--- START ---

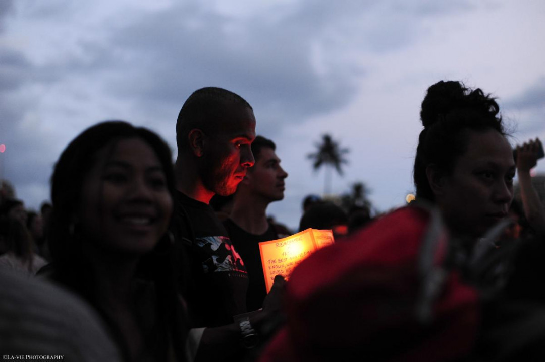 それぞれのメッセージを灯篭に書いてアラモアナビーチに流します。
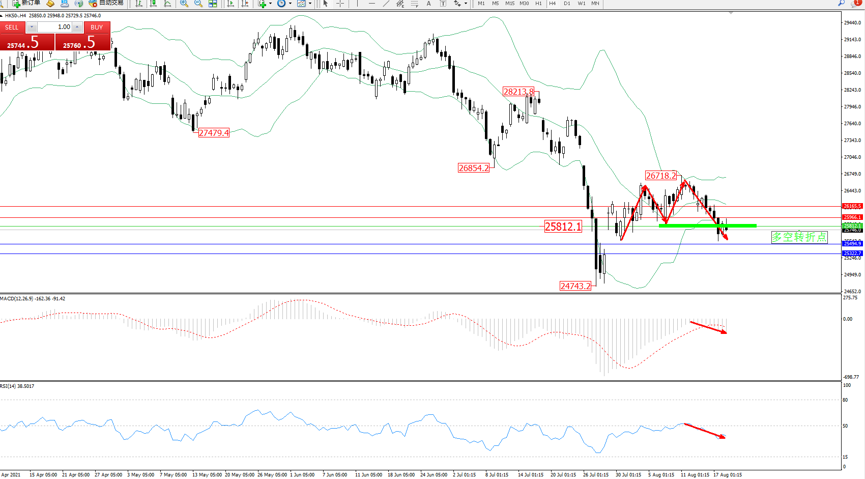 交易策略:25812下方看跌,目标25494、25322
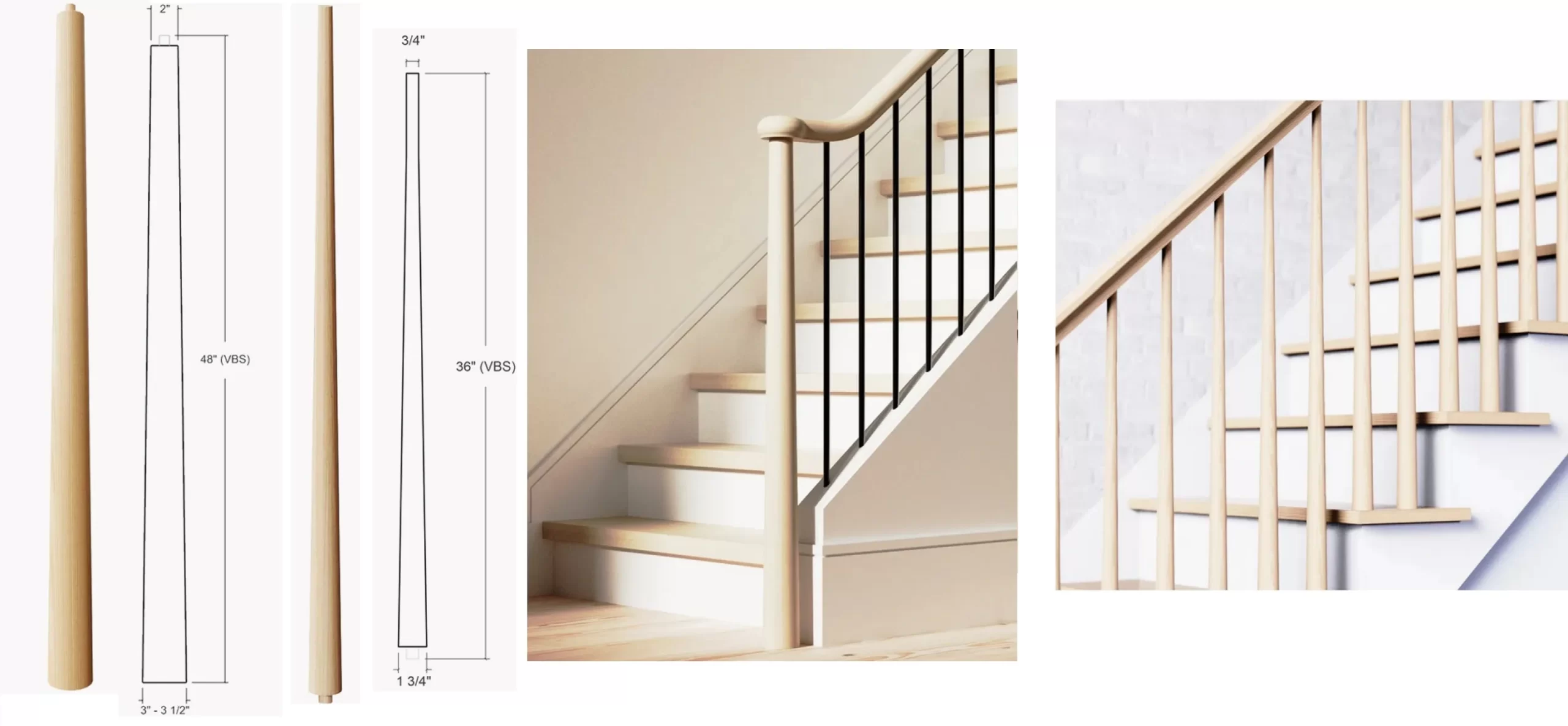 Our balusters offer the warmth and beauty of natural wood, adding character and charm to any staircase. They can be stained or painted to enhance their appearance and match existing décor.
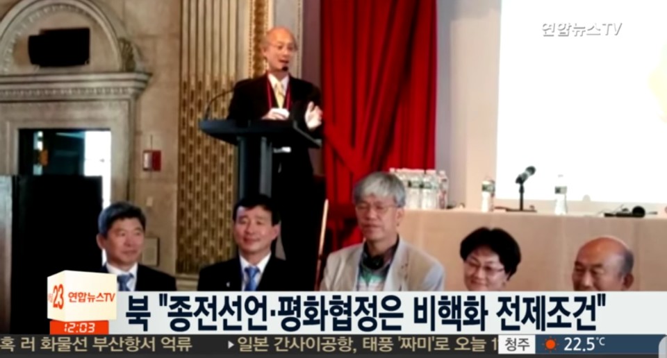 29일(현지시간) 미국 뉴욕 컴럼비아대학에서 열린 2018 국제 평화포럼에서 이기호 참사관이 태형철 김일성대 총장의 기조연설문을 대독하고 있다. 이미지=연합뉴스 영상 캡처
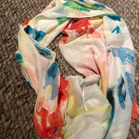 Nydelig skjerf fra Rosenvinge i paisley mønster. Farge beige med burgunder.
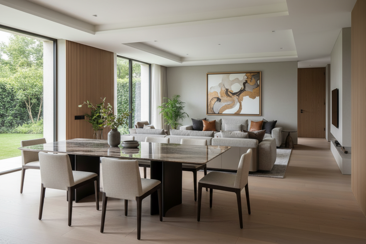 - Rich wood tones add warmth and organic beauty to the contemporary design.

--- END ---

Every line between the one containing "Our balusters offer" and the end of the listing, both included, needs to be retyped exactly, minus the pictures.

 Our balusters offer the warmth and beauty of natural wood, adding character and charm to any staircase. They can be stained or painted to enhance their appearance and match existing décor.
 29일(현지시간) 미국 뉴욕 컴럼비아대학에서 열린 2018 국제 평화포럼에서 이기호 참사관이 태형철 김일성대 총장의 기조연설문을 대독하고 있다. 이미지=연합뉴스 영상 캡처
 Nydelig skjerf fra Rosenvinge i paisley mønster. Farge beige med burgunder.
 - Rich wood tones add warmth and organic beauty to the contemporary design.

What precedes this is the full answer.